■ RECORDS FOR PROCESSING ■
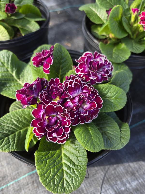 Green leaves form a basal rosette in the spring. Large double flowers are born above the foliage in early spring. Fragrant, double purple flowers with white accents around each petal. Prolific bloomer. Part to full shade in well-drained soil kept evenly moist. Mulch in the winter.
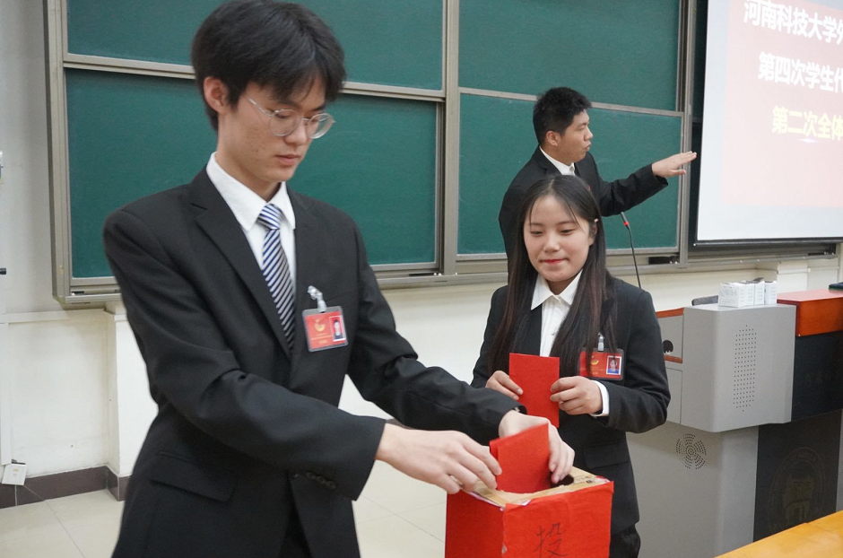 下午五时四十分,第二次全体会议于公教四301召开,大会听取了新一届学生会主席候选人王晓莹同学、新一届学生会副主席候选人侯创新、于兆东同学的竞选演讲,公布了常代会代表名单,并采取等额选举的方式进行匿名投票。主席团第二次会议随后召开,对选举结果进行宣布计票。
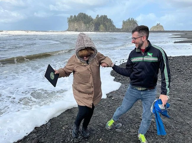 Kevin and Marianne in La Push, WA, out of reach of a Pacific Ocean wave.
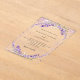 Make a dazzling first impression with this lavender eucalyptus sparkles acrylic wedding invitation. Crafted from high-quality clear acrylic, the invitation features elegant eucalyptus artwork and shimmering sparkle accents that catch light beautifully. Designed for evening weddings, this luxe acrylic card sets the tone for a sophisticated, modern celebration.
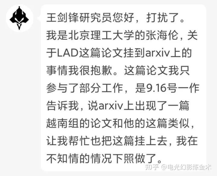 王劍鋒當(dāng)然很不滿意,難道arxiv也能“錯(cuò)誤提交”?作為提交者,雖然不是第一作者(但是是共同第一作者),也應(yīng)該負(fù)有主要責(zé)任。如果一字不差的全文照搬都不算抄襲,那么還有什么算抄襲?
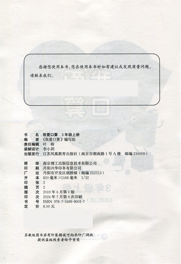 2024年秋 我爱口算 三年级上册3上 无答案 小学生计算口算能手训练练习册 江苏凤凰教育出版社
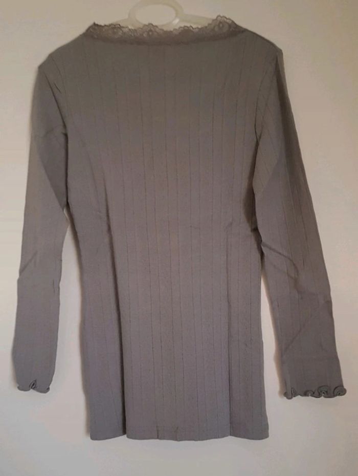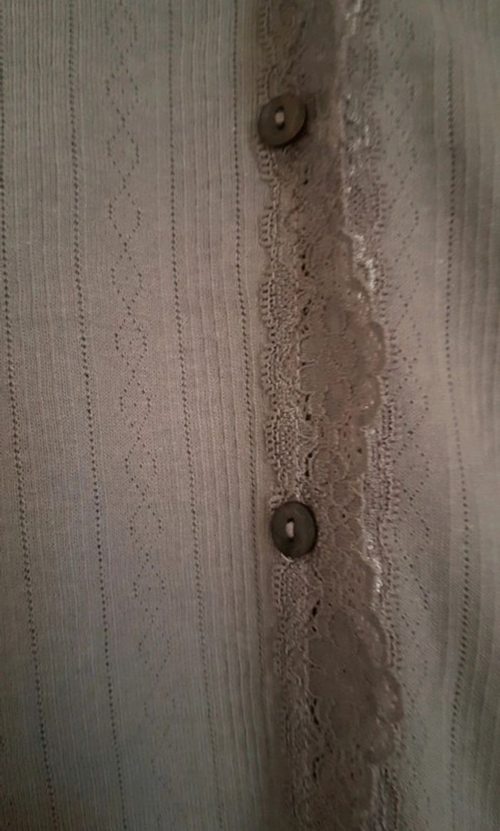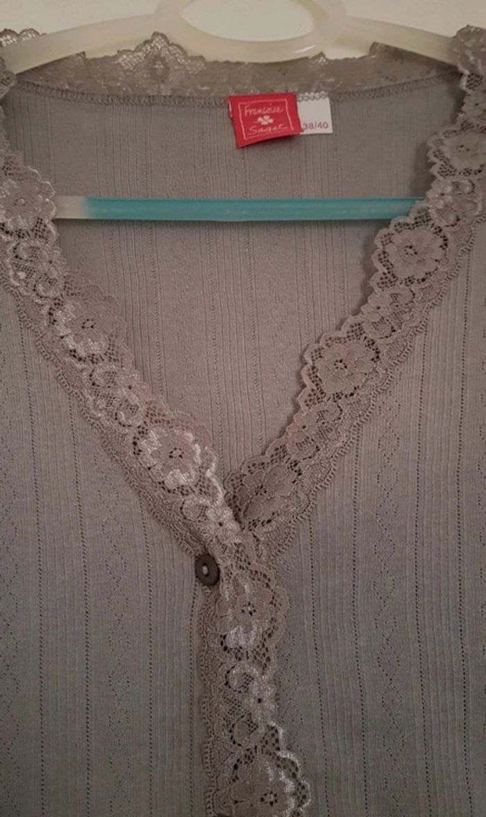 Gilet de nuit gris en V dentelle avec boutons manches longues à coordonner avec le pyjama corsaire blanc et gris 100% coton Taille 38/40 Dimensions aisselle à aisselle : 39 cm Longueur : 70 cm
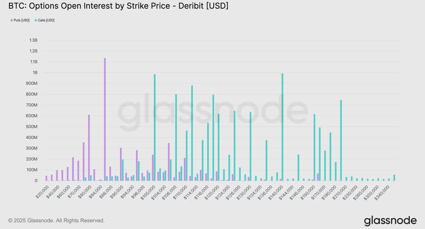 比特币期权未平仓合约行权价分布
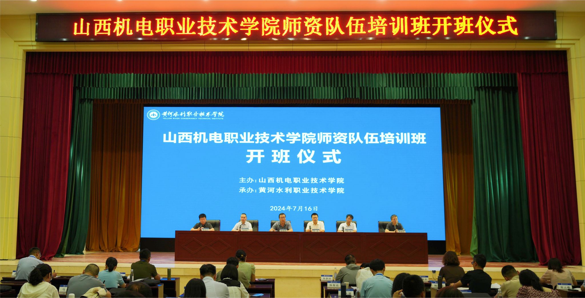 由我校承办的山西机电职业技术学院师资队伍培训班7月16日开班,开班仪式在学生活动中心报告厅举行。山西机电职业技术学院党委副书记、校长宋志平,副校长张广红,我校党委副书记、校长胡昊,副校长朱焕立出席仪式,山西机电职业技术学院人事部、教务部、实训教学中心教育教学管理人员及各系部专业带头人、骨干教师,我校继续教育学院相关人员参加仪式。仪式由朱焕立主持。
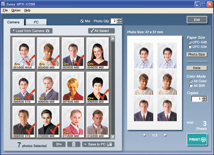 プリントサイズは、履歴書やパスポート等の各種証明写真に対応できるよう、22種類ご用意しています。1枚のプリントメディアに3人分の画像データをプリントしたり、異なったサイズの画像をプリントすることもできます。また、モノクロプリントにも対応しています。
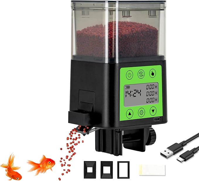 - 【320ML Large Capacity Automatic Feeder】 Upgraded heightened food tank, can automatically and continuously provide your fish with fresh food for 3 ~ 6 months, you don't need to worry about your pet's feeding anymore. Transparent food tank facilitates us to monitor food consumption and add food in time

■ PROMPT ■
Would you transcribe the lines above exactly, going from the line bearing "下午五时四十分,第二次全体会" through the line bearing "比特币期权未平仓合约行权价分布", and drop the pictures from the copy?

■ RESULT OF THIS EXERCISE ■
 下午五时四十分,第二次全体会议于公教四301召开,大会听取了新一届学生会主席候选人王晓莹同学、新一届学生会副主席候选人侯创新、于兆东同学的竞选演讲,公布了常代会代表名单,并采取等额选举的方式进行匿名投票。主席团第二次会议随后召开,对选举结果进行宣布计票。
 Kevin and Marianne in La Push, WA, out of reach of a Pacific Ocean wave.
 Make a dazzling first impression with this lavender eucalyptus sparkles acrylic wedding invitation. Crafted from high-quality clear acrylic, the invitation features elegant eucalyptus artwork and shimmering sparkle accents that catch light beautifully. Designed for evening weddings, this luxe acrylic card sets the tone for a sophisticated, modern celebration.
 王劍鋒當(dāng)然很不滿意,難道arxiv也能“錯(cuò)誤提交”?作為提交者,雖然不是第一作者(但是是共同第一作者),也應(yīng)該負(fù)有主要責(zé)任。如果一字不差的全文照搬都不算抄襲,那么還有什么算抄襲?
 2024年秋 我爱口算 三年级上册3上 无答案 小学生计算口算能手训练练习册 江苏凤凰教育出版社
 Gilet de nuit gris en V dentelle avec boutons manches longues à coordonner avec le pyjama corsaire blanc et gris 100% coton Taille 38/40 Dimensions aisselle à aisselle : 39 cm Longueur : 70 cm
 比特币期权未平仓合约行权价分布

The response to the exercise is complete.